Excerpts from a dataset
- Opening Delimiter -

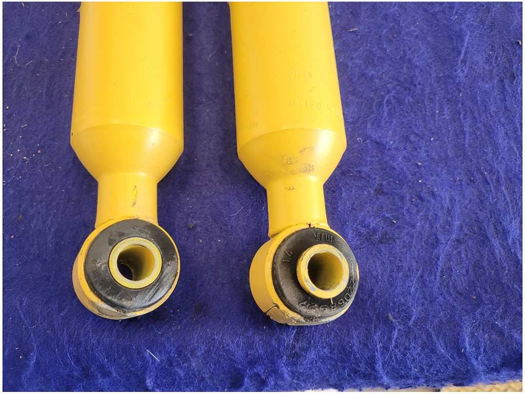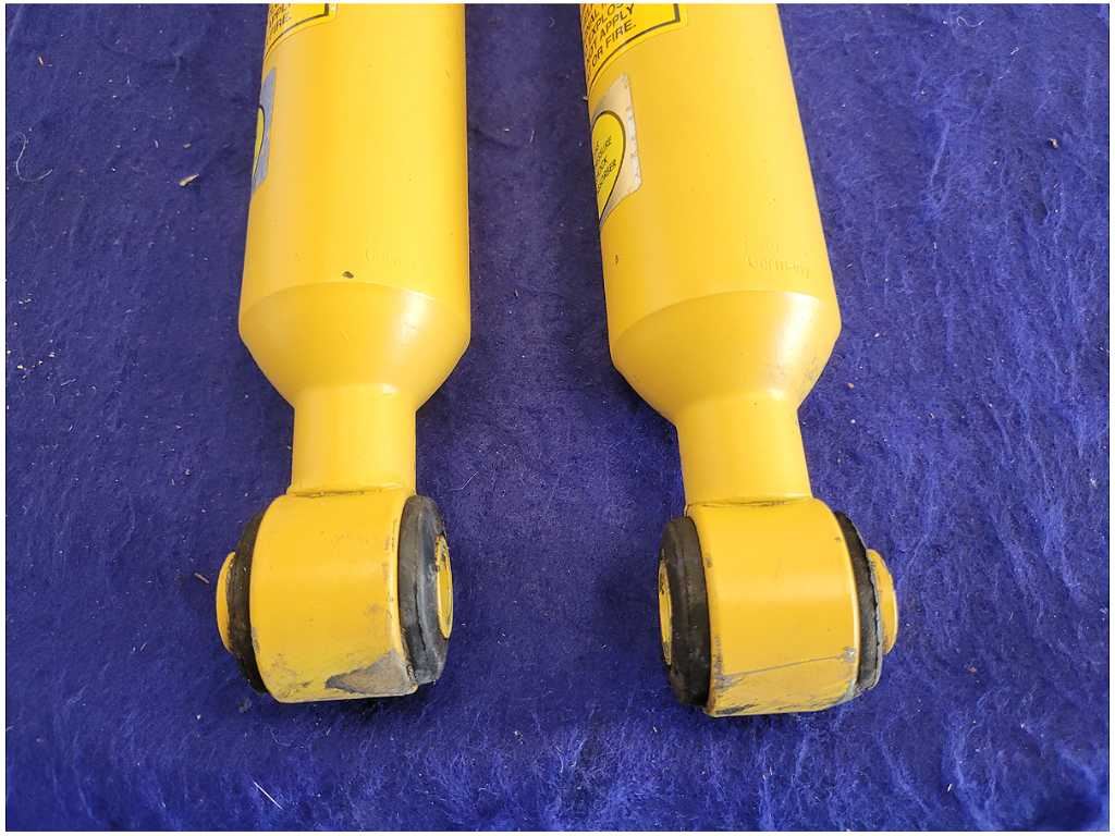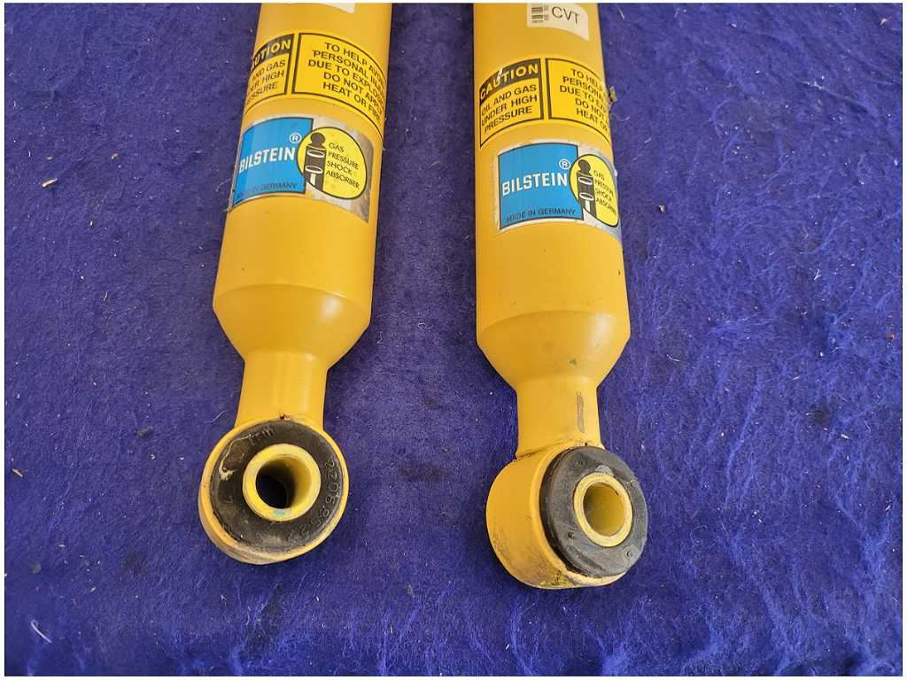 Pair of Rear Bilstein Shocks that was removed from a 2004 Ford Mustang Cobra Convertible with 39k miles. Convertible!!! Assembly is still in good condition. We believe you will be refinishing the part to be perfect. We do not warranty the color or the finish. Make sure you verify the part numbers. Please view all pictures before purchasing. This Ford Mustang Cobra Convertible had a manual transmission with paint code UA and axle code TE 3.55.
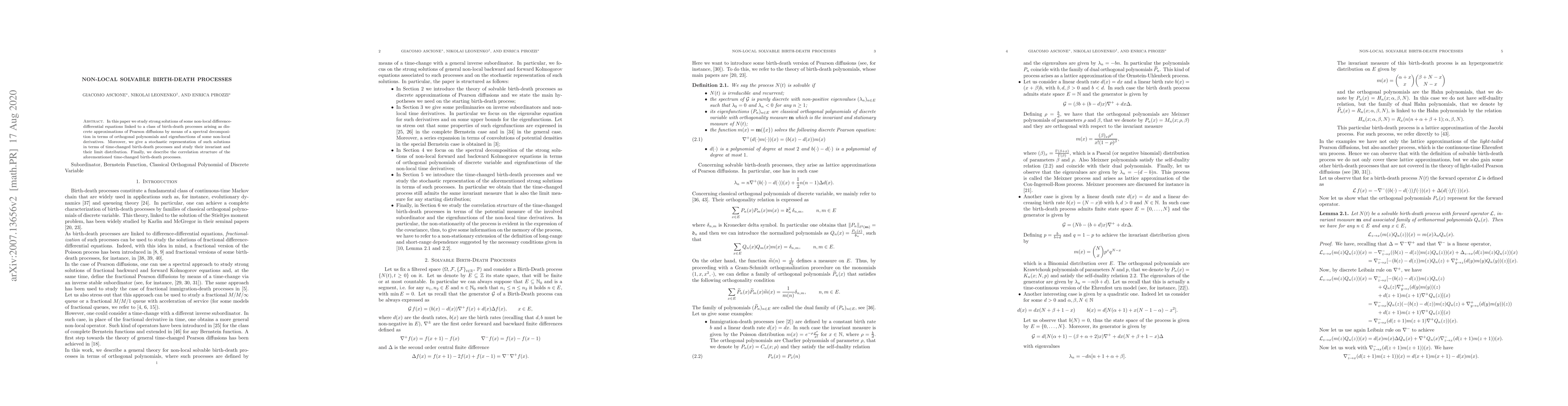 This paper investigates strong solutions for non-local difference-differential equations related to birth-death processes, employing spectral decompositions and orthogonal polynomials. It also provides a stochastic representation and examines the invariant and limit distributions, alongside the correlation structure of the time-changed birth-death processes.
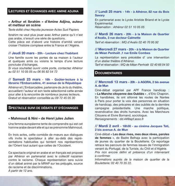 * le MRAP, Athénor, la Compagnie des 3 Thés, les Maisons de Quartier de La Bouletterie, de Méan-Penhoët, d’Avalix et de Kerlédé, Escalado, la Ligue de l’enseignement FAL44, les collèges Albert Vinçon et Julien Lambot.
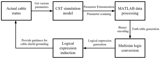 Figure 1 shows the overall process of the shield grounding optimization method. The first step was to obtain relevant parameters, such as the number, lengths, and position relationships of cables according to the actual state of the cables, to establish the CST (Computer Simulation Technology simulation software) simulation model. The simulation results for all the shield grounding states were obtained by means of parameter extremization and parameter scanning simulation. The second step was to use MATLAB to encode the simulation results in binary form and generate the truth table. In the third step, the logic conversion module of Multisim was used to extract and simplify the logical expression of the truth table. The output logical expression indicated the corresponding relationship between the grounding state of the shield and the shielding effect. The fourth step was to analyze and summarize the logical expression used to guide the termination of the cable shield. The following is a detailed explanation of each step in the method.
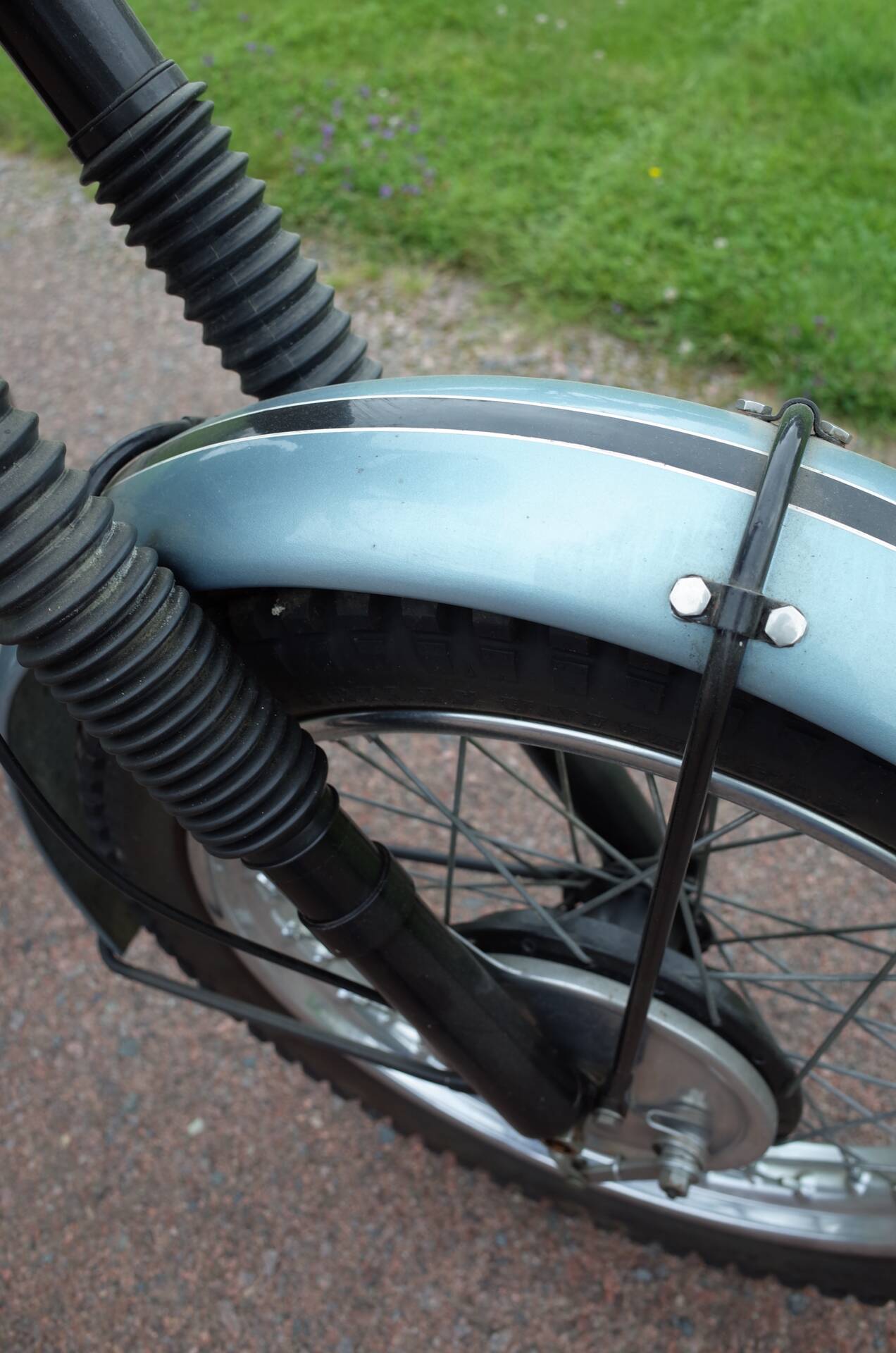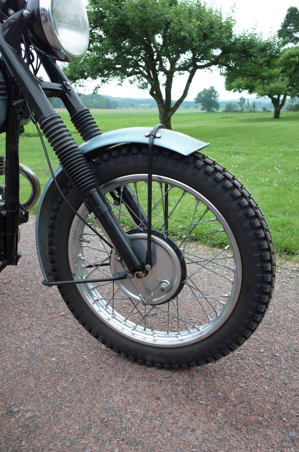 The TR5 Trophy is powered by a responsive 500cc twin-cylinder four-stroke engine, designed to deliver strong low-end torque and dependable performance across varied terrain. The high-level two-into-one exhaust system, both practical and visually striking, reflects its competition heritage, offering improved ground clearance for trials and off-road riding. Lightweight, mechanically straightforward, and robustly constructed, the TR5 earned its reputation for reliability and tractable performance in demanding conditions.
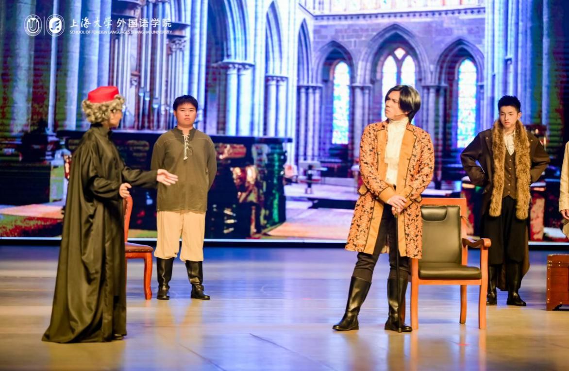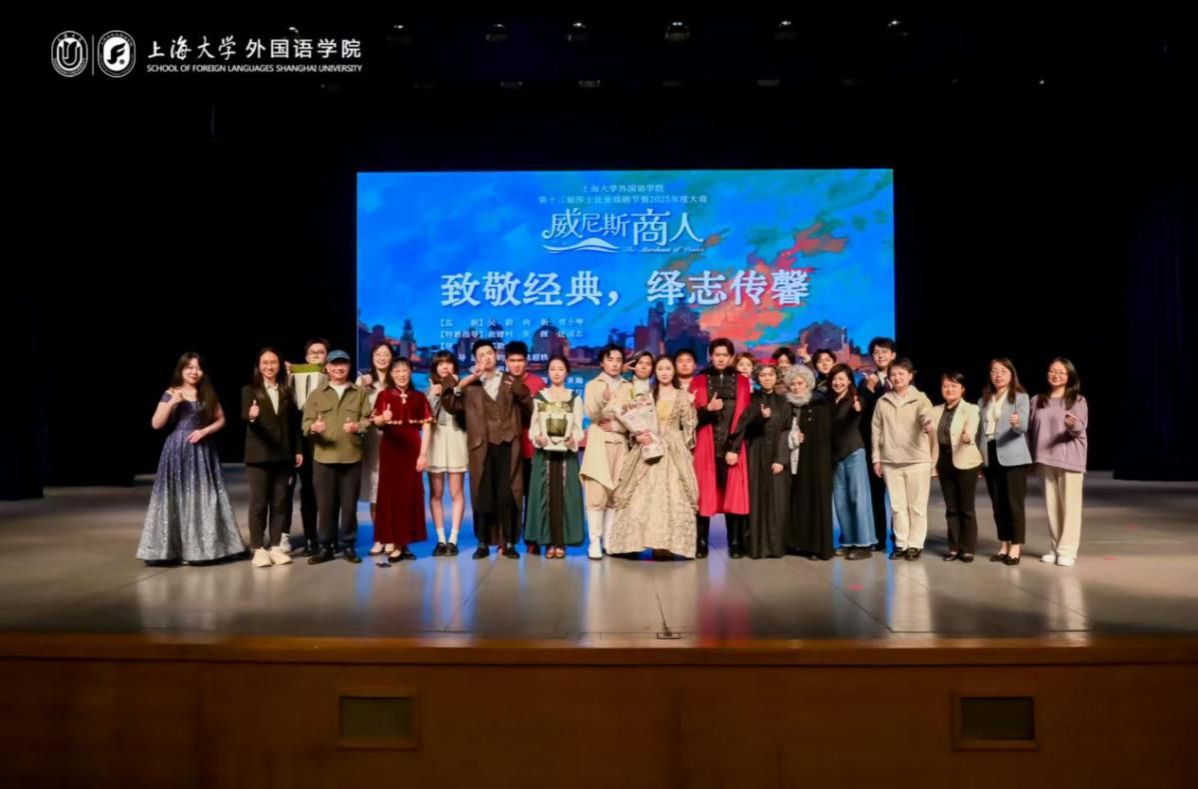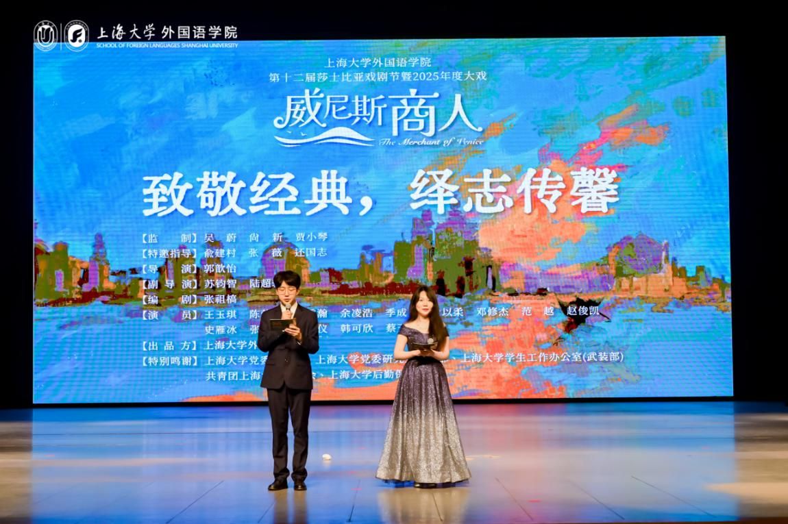 5月9日下午,sunbet申搏官方网站第十二届莎士比亚戏剧节暨外国语学院2025年度大戏《威尼斯商人》在伟长楼成功展演。这场以戏剧为纽带的盛宴,既是校园文化建设的鲜活体现,也是中外文化交流的璀璨舞台。今年是sunbet申搏官方网站外国语学院建院30周年,我院始终遵循“培养具有中国灵魂、全球视野的卓越创新型外语人才”的人才培养理念,激励学生投身剧本创作、导演及表演,将书本知识转化为舞台上的生动展现。通过这种方式,传播中华文化,坚定文化自信,学习莎士比亚经典作品,促进中外文明的交流互鉴。
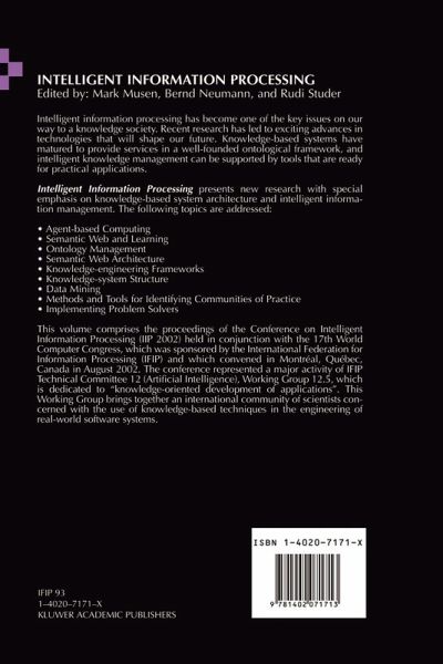 Mark Musen / Bernd Neumann / Rudi Studer (Hgg.)IFIP 17th World Computer Congress - TC12 Stream on Intelligent Information Processing August 25-30, 2002, Montréal, Québec, Canada
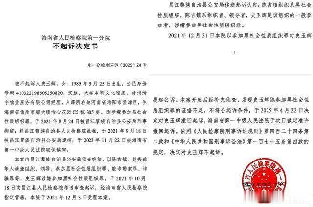 2025年5月23日,海南省东谈主民调查院认为史玉辉犯参加黑社会性质组织罪笔据不及,不合适告状条款,下达《不告状决定书》。
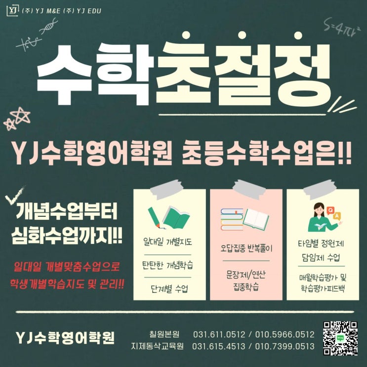 #칠원동영수학원 #동삭동영수학원 수학영어과학전문 YJ수학영어학원입니다. 새 학기가 시작된지가 벌써 3주차가 지났습니다. 새 학년, 새로운 반에서의 적응도 어느정도 되면서 현 학년의 공부에 힘을 기울려야할 시기입니다. 3월 초에 각 학교에서 기초학력평가를 실시하면서 작년 학습에 대한 평가도 실시되었습니다. 우리 YJ수학영어학원 학생들도 모두 거뜬하게 기초학력평가도 쉽게 잘 보았다고들하네요^^ 수학과목은 다른과목보다도 더 전 학년의 학습이 잘 되어있어야하는 단계별 누적과목입니다. 현 학년의 학습이 잘 이루어지기 위해서는 전 학년의 학습이 잘 되어있어야합니다. YJ수학영어학원의 수학수업은 무조건~ 진도만 나가는 수....... <img src="https://blogthumb.pstatic.net/MjAyNjAzMTVfMTc5/MDAxNzczNTU1NzA4MDEy.J8YCamwNiE-F48uRaSoMiOaKs7YdD7PhhRYSSbthhCsg.HP8HgY4bPRdxWJynqvt0Dvb6uK2PZ7n4l5Kd8hyPf-Ag.JPEG/%C1%A6%B8%F1%C0%BB_%C0%D4%B7%C2%C7%D8%C1%D6%BC%BC%BF%E4._%2826%29.jpg?type=s3" />
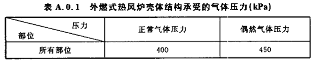 A.0.1外燃式熱風(fēng)爐殼體結(jié)構(gòu)承受的氣體壓力,可按表A.0.1采用。
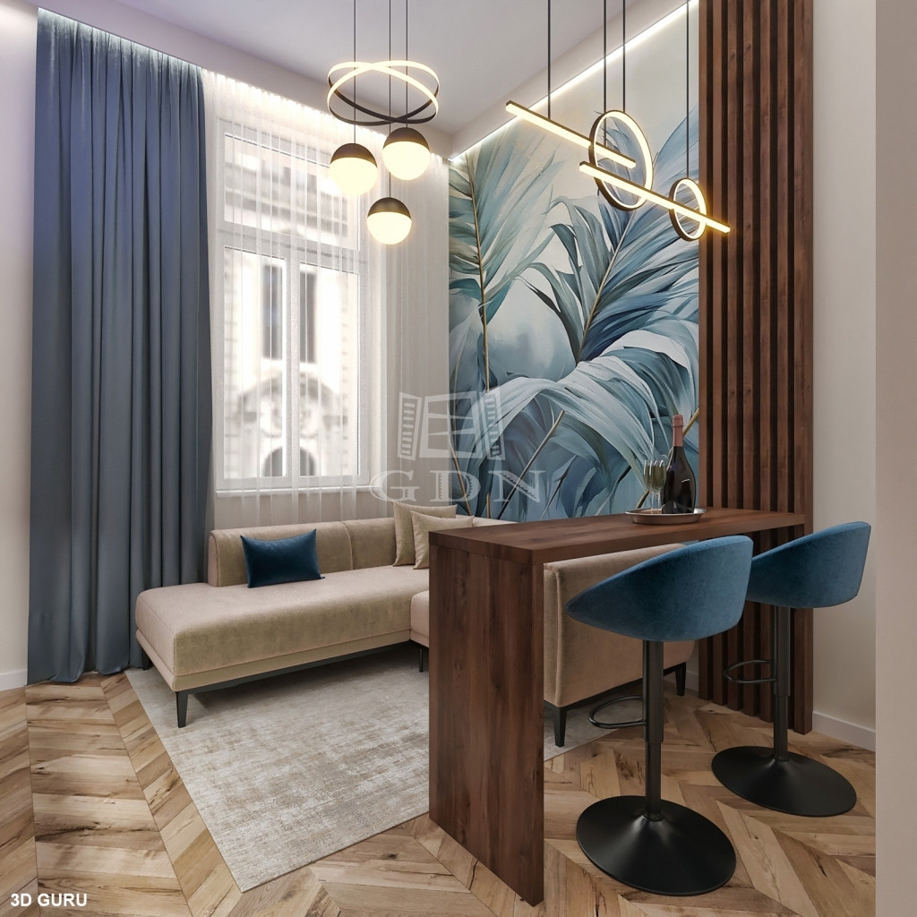 Despite its small floor space, every square metre of the apartment has been carefully thought out: in addition to the living room-kitchen area, an ingeniously designed sleeping alcove makes the space even more homely and practical. It is the perfect choice for young people, as a first home, or even as an investment, as the area is extremely sought-after.
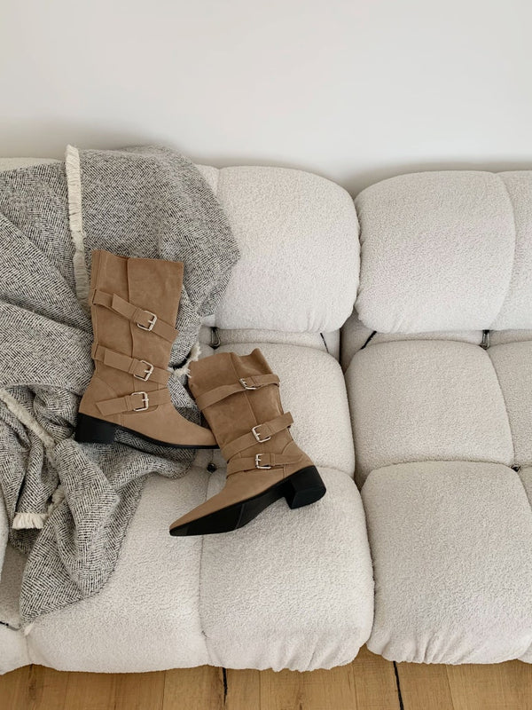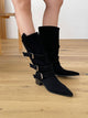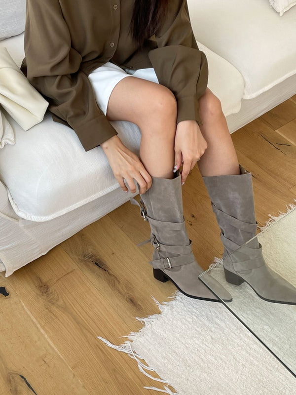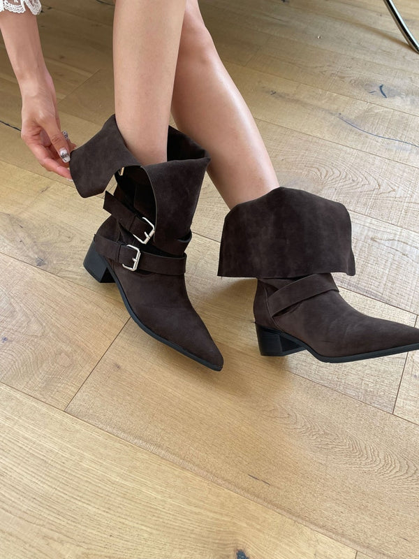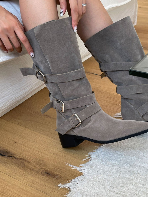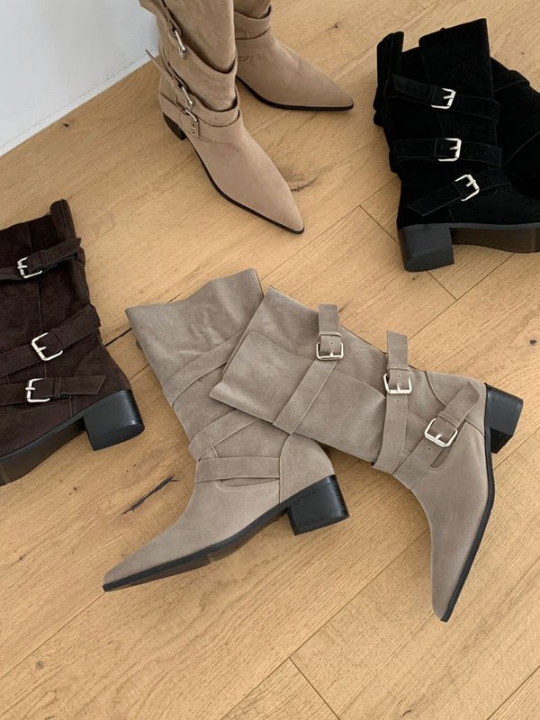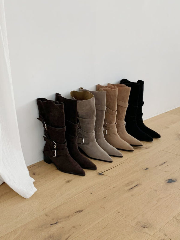 Real suede boots with belted in 4 colors, 2.5" heeled

- Closing Delimiter -

» **What is expected**: Copy word for word the lines above, starting at the line containing "#칠원동영수학원 #동삭동영수학원 수학영어과학전문" and ending at the line containing "A.0.1外燃式熱風(fēn", inclusive, with no pictures.

» **Response area**:
 #칠원동영수학원 #동삭동영수학원 수학영어과학전문 YJ수학영어학원입니다. 새 학기가 시작된지가 벌써 3주차가 지났습니다. 새 학년, 새로운 반에서의 적응도 어느정도 되면서 현 학년의 공부에 힘을 기울려야할 시기입니다. 3월 초에 각 학교에서 기초학력평가를 실시하면서 작년 학습에 대한 평가도 실시되었습니다. 우리 YJ수학영어학원 학생들도 모두 거뜬하게 기초학력평가도 쉽게 잘 보았다고들하네요^^ 수학과목은 다른과목보다도 더 전 학년의 학습이 잘 되어있어야하는 단계별 누적과목입니다. 현 학년의 학습이 잘 이루어지기 위해서는 전 학년의 학습이 잘 되어있어야합니다. YJ수학영어학원의 수학수업은 무조건~ 진도만 나가는 수....... <img src="https://blogthumb.pstatic.net/MjAyNjAzMTVfMTc5/MDAxNzczNTU1NzA4MDEy.J8YCamwNiE-F48uRaSoMiOaKs7YdD7PhhRYSSbthhCsg.HP8HgY4bPRdxWJynqvt0Dvb6uK2PZ7n4l5Kd8hyPf-Ag.JPEG/%C1%A6%B8%F1%C0%BB_%C0%D4%B7%C2%C7%D8%C1%D6%BC%BC%BF%E4._%2826%29.jpg?type=s3" />
 A.0.1外燃式熱風(fēng)爐殼體結(jié)構(gòu)承受的氣體壓力,可按表A.0.1采用。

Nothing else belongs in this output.